Each line below from the one containing "ここまで来るとSPにも余裕が" through the one containing "Bộ bàn ăn tròn" should be output exactly as it stands, and no other line should appear.

* **Excerpted records**
★ ★ ★ ★ ★
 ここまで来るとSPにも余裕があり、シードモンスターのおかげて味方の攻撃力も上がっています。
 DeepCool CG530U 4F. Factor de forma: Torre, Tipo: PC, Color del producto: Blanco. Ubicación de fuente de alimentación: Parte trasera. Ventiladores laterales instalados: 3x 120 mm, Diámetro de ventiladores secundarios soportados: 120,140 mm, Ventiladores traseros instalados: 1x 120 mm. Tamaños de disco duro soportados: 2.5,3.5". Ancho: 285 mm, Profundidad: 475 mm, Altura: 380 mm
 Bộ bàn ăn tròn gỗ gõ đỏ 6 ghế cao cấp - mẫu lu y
★ ★ ★ ★ ★
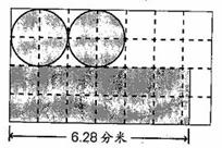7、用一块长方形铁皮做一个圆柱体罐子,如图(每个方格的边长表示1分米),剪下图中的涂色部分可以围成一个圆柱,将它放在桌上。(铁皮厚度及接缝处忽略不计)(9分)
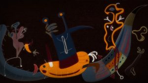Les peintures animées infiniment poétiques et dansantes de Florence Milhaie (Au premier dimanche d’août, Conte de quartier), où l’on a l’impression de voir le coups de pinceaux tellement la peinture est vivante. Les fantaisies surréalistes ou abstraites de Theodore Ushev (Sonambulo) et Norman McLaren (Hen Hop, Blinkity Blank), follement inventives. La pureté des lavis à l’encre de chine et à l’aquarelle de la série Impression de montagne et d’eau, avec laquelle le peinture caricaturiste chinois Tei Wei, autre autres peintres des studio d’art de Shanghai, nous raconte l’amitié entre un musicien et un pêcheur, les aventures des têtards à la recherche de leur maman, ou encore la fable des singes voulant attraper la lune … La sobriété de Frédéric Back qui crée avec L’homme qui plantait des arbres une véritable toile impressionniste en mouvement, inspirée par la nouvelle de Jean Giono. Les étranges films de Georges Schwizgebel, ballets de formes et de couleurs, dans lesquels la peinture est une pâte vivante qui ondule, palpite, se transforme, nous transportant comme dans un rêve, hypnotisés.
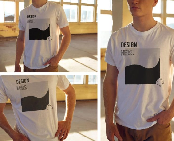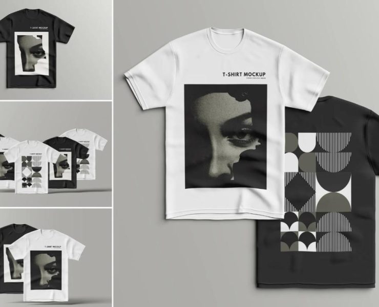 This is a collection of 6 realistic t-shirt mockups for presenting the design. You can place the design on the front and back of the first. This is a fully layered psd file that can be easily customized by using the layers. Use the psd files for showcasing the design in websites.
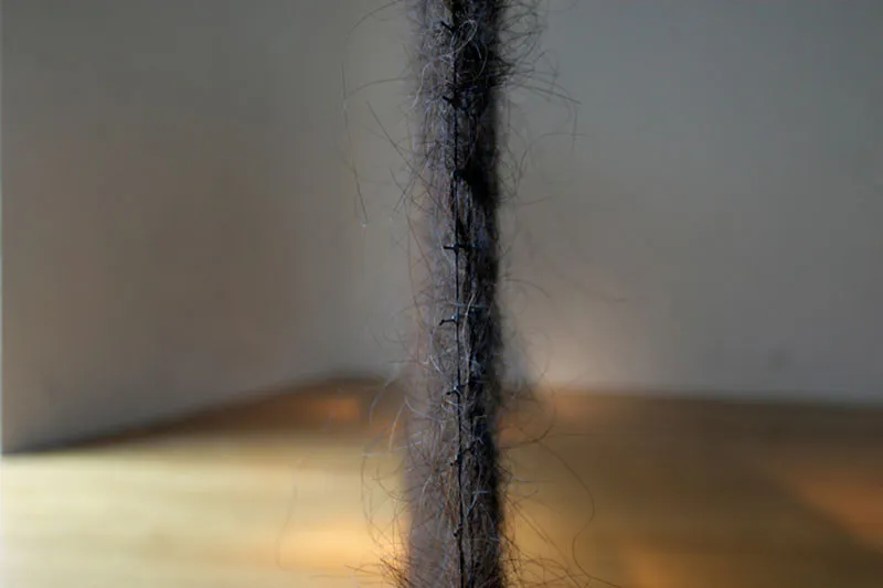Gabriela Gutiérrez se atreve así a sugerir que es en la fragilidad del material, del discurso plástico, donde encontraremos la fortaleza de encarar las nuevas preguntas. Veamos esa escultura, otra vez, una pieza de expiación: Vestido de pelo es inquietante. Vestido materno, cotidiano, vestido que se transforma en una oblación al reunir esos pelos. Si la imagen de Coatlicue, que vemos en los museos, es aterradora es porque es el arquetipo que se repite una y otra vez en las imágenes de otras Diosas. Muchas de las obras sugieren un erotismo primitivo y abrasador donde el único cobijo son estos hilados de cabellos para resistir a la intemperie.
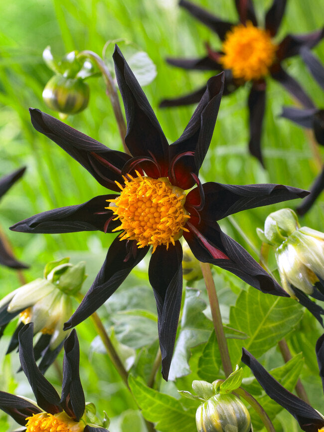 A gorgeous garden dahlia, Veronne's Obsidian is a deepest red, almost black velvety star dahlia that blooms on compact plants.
★ ★ ★ ★ ★
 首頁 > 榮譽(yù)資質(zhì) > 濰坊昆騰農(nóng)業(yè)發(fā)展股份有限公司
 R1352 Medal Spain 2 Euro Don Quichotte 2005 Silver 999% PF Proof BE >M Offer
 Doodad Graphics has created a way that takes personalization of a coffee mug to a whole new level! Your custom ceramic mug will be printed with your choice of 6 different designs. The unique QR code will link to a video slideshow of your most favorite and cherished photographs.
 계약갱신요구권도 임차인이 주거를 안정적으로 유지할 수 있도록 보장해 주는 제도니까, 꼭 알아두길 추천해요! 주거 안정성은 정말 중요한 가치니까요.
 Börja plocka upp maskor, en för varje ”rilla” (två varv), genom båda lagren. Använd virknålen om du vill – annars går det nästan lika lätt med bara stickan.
★ ★ ★ ★ ★
* **Answer box**
 ここまで来るとSPにも余裕があり、シードモンスターのおかげて味方の攻撃力も上がっています。
 DeepCool CG530U 4F. Factor de forma: Torre, Tipo: PC, Color del producto: Blanco. Ubicación de fuente de alimentación: Parte trasera. Ventiladores laterales instalados: 3x 120 mm, Diámetro de ventiladores secundarios soportados: 120,140 mm, Ventiladores traseros instalados: 1x 120 mm. Tamaños de disco duro soportados: 2.5,3.5". Ancho: 285 mm, Profundidad: 475 mm, Altura: 380 mm
 Bộ bàn ăn tròn gỗ gõ đỏ 6 ghế cao cấp - mẫu lu y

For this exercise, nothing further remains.